Gravidity: total number of pregnancies
Parity: total number of pregnancies >24w
What are the normal changes in pregnancy (cardiac)? (3)
Increase in cardiac output due to Increase in SV and HR BP first drops then rises Slight cardiomegaly Decrease in peripheral resistance Ejection systolic murmur Compression of IVC
What are the normal changes in pregnancy (blood)? (2)
Dilutional anaemia: increase in plasma volume, decrease in Hb
Decreased albumin
Increased fibrinogen and clotting factors
What are the normal changes in pregnancy (resp)? (3)
Increased tidal volume
Increased minute ventilation- but no increased RR
Some SOB
What are the normal changes in pregnancy (endo)? (3)

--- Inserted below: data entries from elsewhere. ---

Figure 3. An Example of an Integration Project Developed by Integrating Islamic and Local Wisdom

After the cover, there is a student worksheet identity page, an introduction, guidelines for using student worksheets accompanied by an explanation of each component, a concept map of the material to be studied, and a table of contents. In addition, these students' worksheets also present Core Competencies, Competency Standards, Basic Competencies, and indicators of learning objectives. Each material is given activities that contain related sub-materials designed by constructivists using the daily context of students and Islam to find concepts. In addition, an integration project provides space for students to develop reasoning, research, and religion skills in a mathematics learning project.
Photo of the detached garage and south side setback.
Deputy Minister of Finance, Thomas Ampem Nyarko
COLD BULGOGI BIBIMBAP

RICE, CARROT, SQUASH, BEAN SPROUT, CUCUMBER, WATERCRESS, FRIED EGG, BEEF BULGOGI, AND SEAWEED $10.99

Increased thyroid size and parathyroid
Increased basal metabolic rate
Increased prolactin through
What are the normal changes in pregnancy (uterus)? (2)
Increased uterus size
Braxton Hick contractions
What are the normal changes in pregnancy (gastro)? (3)
Constipation and haemorrhoids- due to reduced gastric emptying
GI reflux
Nausea and vomiting
Increased renal blood flow and GFR
In normal pregnancy: what effects does the increased oestrogen production have on the breast and vagina? (3)

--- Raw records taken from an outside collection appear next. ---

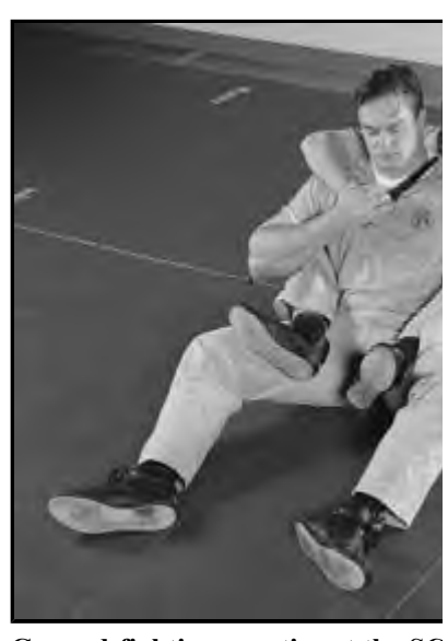
Ground-fighting practice at the SC includes an often-neglected elemen

"This is why defensive fighting systems cannot win against SCARS, Peterson told us. Diagrams on the blackboard indicated that direct offensive action is always quicker through the nervous system than the stop-and-catch-up reactions of a defender. "SCARS is literally faster than any other kind of fighting," he said.
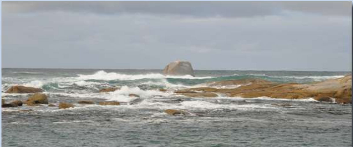
South-easterly swells hammered Governor Island in the days leading up to the event.

A large 4m swell rocked the Tasmanian east coast in the days leading up to the event which dramatically reduced the visibility. However, fine weather and calm conditions throughout the weekend saw the vis substantially increase over the three days resulting in some fantastic diving, particularly on the Monday. Divers hit a number of the top sites throughout the weekend including The Castle, Hairy Wall, Trap Reef, Canyon, Blue Waters, Split Rock, Muirs Reef, Bird Rock, The Steps and the Chimney.
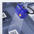
Stationary Industrial Scanners
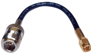
CA-1 Pigtail 15 cm RG-58 N female/SMA male

Cable type: RG-58 CU MIL Connector: N female / SMA male Length: 15 cm
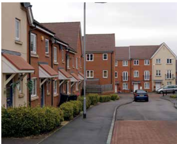
High Quality Homes

4.161 The majority of the development coming forward over the Plan period will be residential in nature. A core principle of planning is to always seek to secure high quality design and a good standard of amenity for all existing and future occupants of land and buildings. National policy expects a high quality of design that meets the needs of the diversity of people i.e. is 'inclusive'. It notes that design policies should concentrate on guiding the overall scale, density, massing, height, landscape, layout materials and access of new development in relation to neighbouring buildings and the local area. The consideration of design goes beyond appearance, and should address the connections between people and places, creating safe and accessible environments.
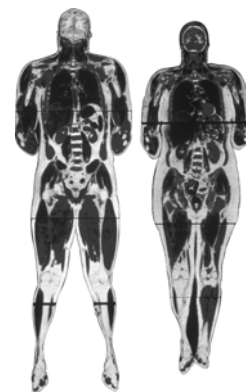
Visible Humans Computerized images National Library of Medicine
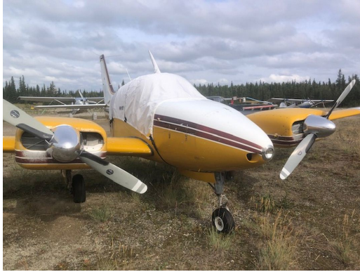
Beech A55 Baron Canopy Cover

water resistance, UV resistance and anti-static buildup. The inner lining is a very soft and smooth microfiber to prevent scratching. The material is very reflective, and tests show that the cabin interior temperature can be reduced to near-ambient temperature on the hottest of days. It is water, ice and snow repellent, yet breathable to allow moisture to escape from between the cover and the aircraft surface.
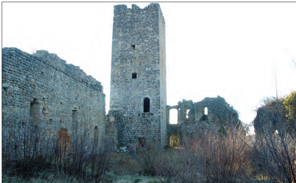
Fig. 9: The Castle of Momiano
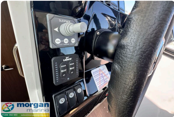
Jeanneau Merry Fisher 895 Sport Gone West - bow thruster
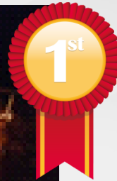
Shobha Koletthaya IWC Puttur
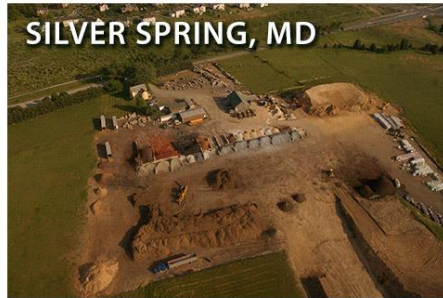
SILVER SPRING, MD
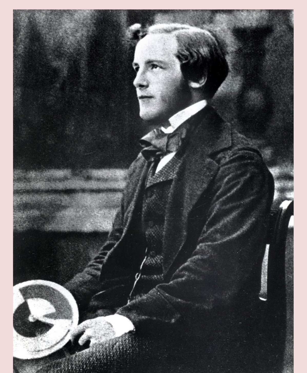
James Clerk Maxwell, aged 24
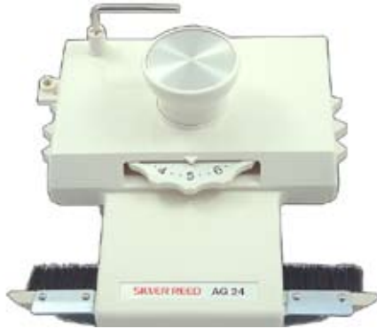
AG24 Intarsia Carriage

Allows you to knit as many colors in a single row as you like. Knit pictorial and geometric designs without floats! Lay your yarns over selected needles manually and pass the intarsia carriage over the needles to knit the new stitches.
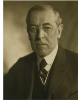
President Woodrow Wilson
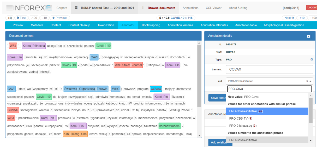
Figure 1: Screenshot of the Inforex Web interface, the tool used for data annotation.
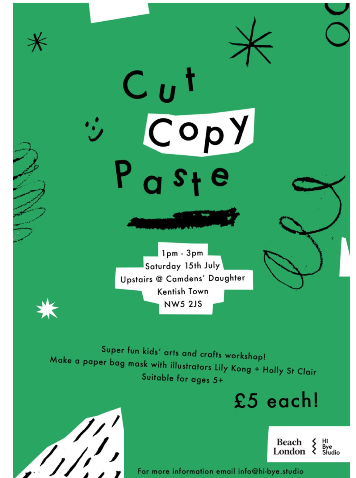
'Cut Copy Paste' Hi Bye Studio, 2017.
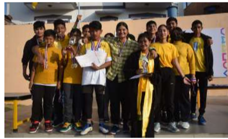
Yellow house with trophy and medals.

Increase in breast and nipple size
Vaginal hypertrophy
Increased discharge
At what dates should the booking visit occur and what is done in it?
Before 12w- ideally 10w
FBC, blood group, HIV, serology for syphillis (VDRL), Hep B, rubella
What supplement do pregnant women need to take and for how long for and what dose?
Folic acid from pre-conception to 12w gestation
Low risk: 0.5mg
High risk: 5mg (DM, obesity, PMH of spina bifida)

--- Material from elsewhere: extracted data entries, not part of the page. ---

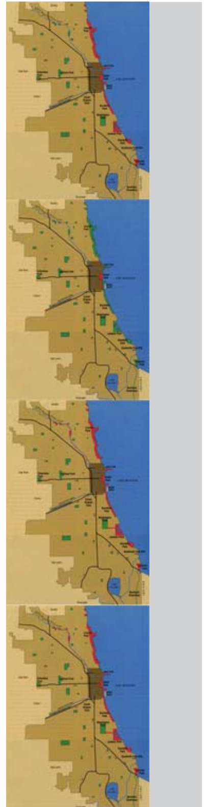
Park map system, Chicago. Modified from Harnik, 1997
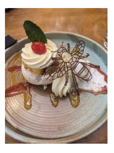
Pavlova is national dessert!
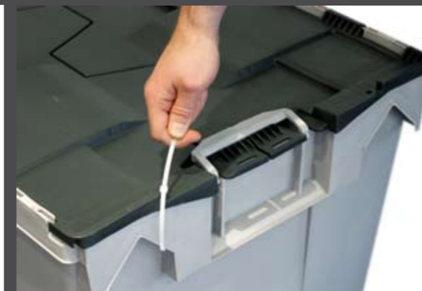
Lockable lid for complete product security
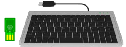
A USB keyboard and 2Gb USB memory key are supplied with the DMO200.
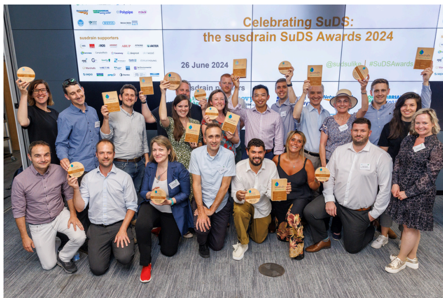
2024 susdrain SuDS Awards winners and highly commended
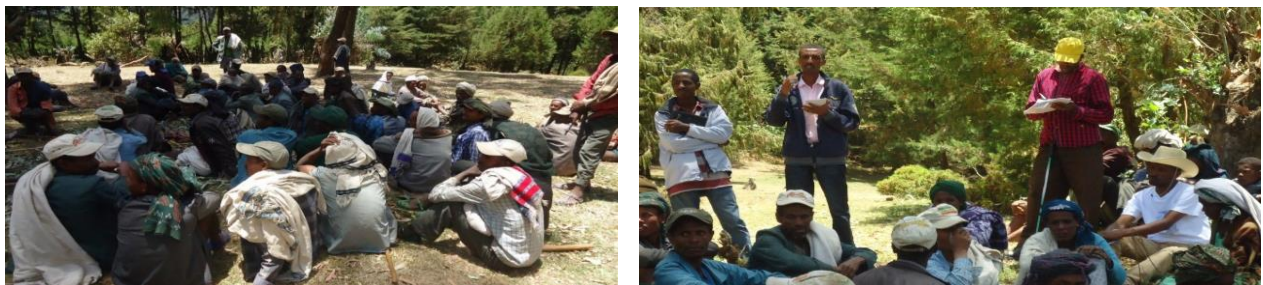
Figure 4: Public discussion among community, experts, and NGO bodies.

Sunu et al., (2019) also concluded that incorporating communities' viewpoints into ecotourism planning and development is a crucial component of sustainable ecotourism development. They have done several activities, such as providing evidence to the public regarding the planned development of the ecotourism project, shaping ecotourism project objectives with community priorities, formulating the development goal, and defining the problem. Generally, the engagement of the local community in the planning of the ecotourism project is essential.
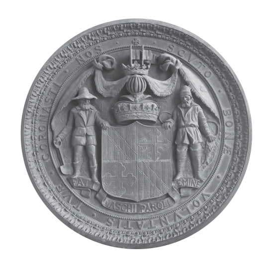
Joint Chairmen's Report Annapolis, Maryland 2015 Session

by the Chairmen of the Senate Budget and Taxation Committee and House Appropriations Committee
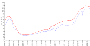
Cedar Wood Homes Condo vs Homestead
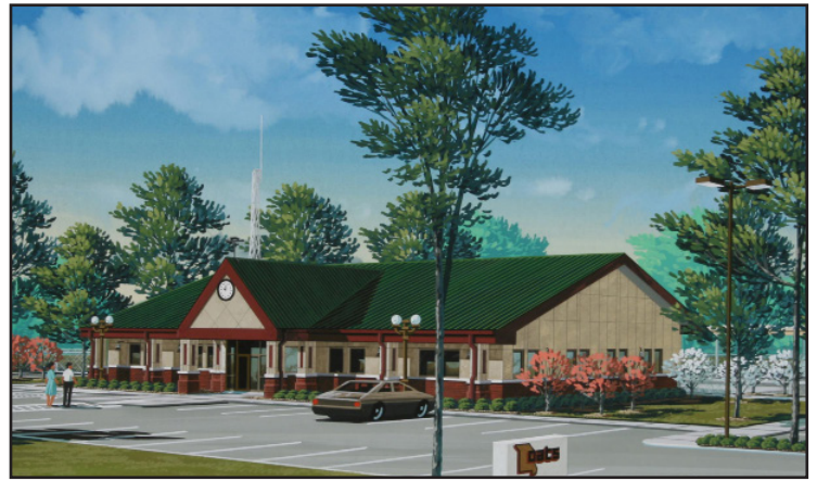
Artist rendering of the new operations facility.

In early 2022, OATS Transit purchased a property for a new operations facility in Lee's Summit MO, just off I-470. Construction is expected to begin in 2023 and is planned for completion in 2025. The facility will oversee specialized transportation in Jackson, Cass, Clay, and Platte counties. OATS Transit provides transportation for medical appointments, work, essential shopping, and more. In addition to rural service for individuals of any age, OATS Transit operates the RideKC buses in Lees Summit, which is a partnership with the City of Lee's Summit and the Kansas City Area Transit Authority.

When is the main ultrasound scan and what does it look for?
11-13+6 looking for:
- Dating: using crown rump length - estimate gestational age
- Nuchal translucency - for chromosomal abnormalities + beta-HCG, PAPP-A (pregnancy associated plasma protein A) (combined test)
- Viability of the pregnancy
- Presence of multiple pregancies
What is involved in the combined and quadruple tests that can be offered to screen for chromosomal abnormalities e.g. Down’s, Patau’s, Edwards and at what times?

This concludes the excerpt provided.